-- Data provided follows --
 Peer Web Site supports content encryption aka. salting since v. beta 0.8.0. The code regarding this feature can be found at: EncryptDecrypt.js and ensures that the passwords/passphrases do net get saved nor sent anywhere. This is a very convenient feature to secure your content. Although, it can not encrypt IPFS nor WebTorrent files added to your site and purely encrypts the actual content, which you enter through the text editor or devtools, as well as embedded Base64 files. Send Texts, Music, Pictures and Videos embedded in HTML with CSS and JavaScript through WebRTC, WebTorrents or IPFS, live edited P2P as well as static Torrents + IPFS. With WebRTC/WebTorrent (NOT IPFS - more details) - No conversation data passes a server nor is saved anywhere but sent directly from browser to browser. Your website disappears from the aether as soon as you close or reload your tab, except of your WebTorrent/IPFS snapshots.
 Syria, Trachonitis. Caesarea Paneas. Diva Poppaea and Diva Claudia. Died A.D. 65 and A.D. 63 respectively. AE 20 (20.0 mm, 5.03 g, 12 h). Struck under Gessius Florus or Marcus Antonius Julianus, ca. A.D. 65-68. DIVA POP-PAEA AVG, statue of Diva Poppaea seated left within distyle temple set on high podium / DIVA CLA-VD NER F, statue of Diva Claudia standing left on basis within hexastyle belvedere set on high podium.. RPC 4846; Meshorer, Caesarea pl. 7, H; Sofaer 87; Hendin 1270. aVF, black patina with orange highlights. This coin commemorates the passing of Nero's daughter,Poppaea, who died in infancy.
-- Data provided concluded --
-- Data provided follows --
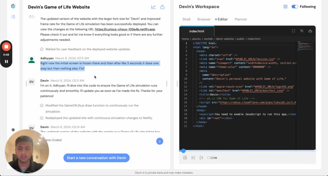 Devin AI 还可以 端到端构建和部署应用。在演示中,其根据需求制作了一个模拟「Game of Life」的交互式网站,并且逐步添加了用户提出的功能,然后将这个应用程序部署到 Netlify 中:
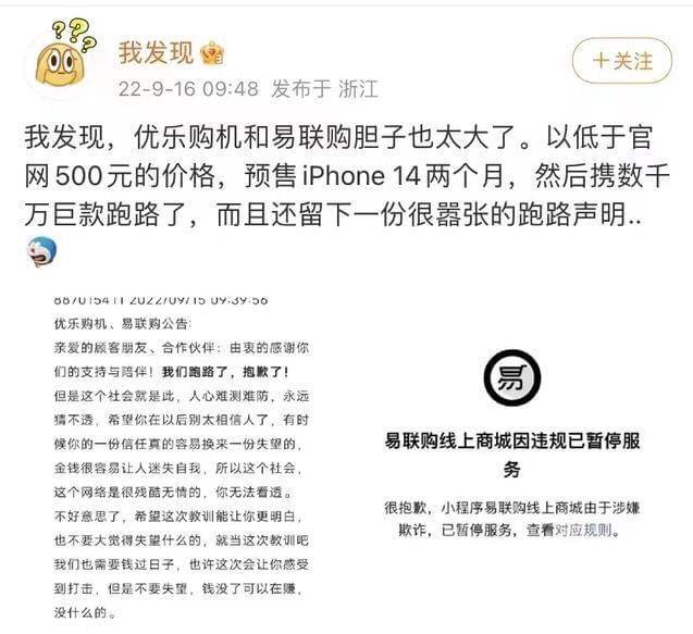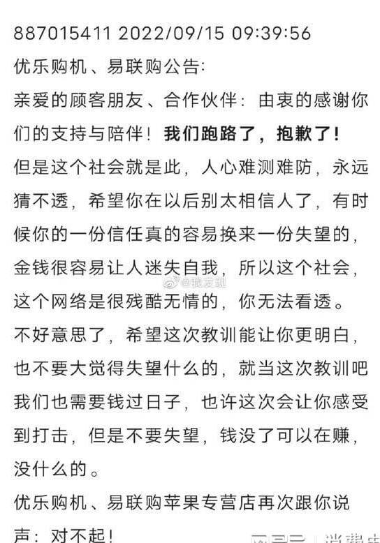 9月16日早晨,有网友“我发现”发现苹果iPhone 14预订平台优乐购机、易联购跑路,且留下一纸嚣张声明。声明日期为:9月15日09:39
-- Data provided concluded --
[Work order] The number alone is the answer: work out how many lines in the data contain "This".

[Result of the exercise] 2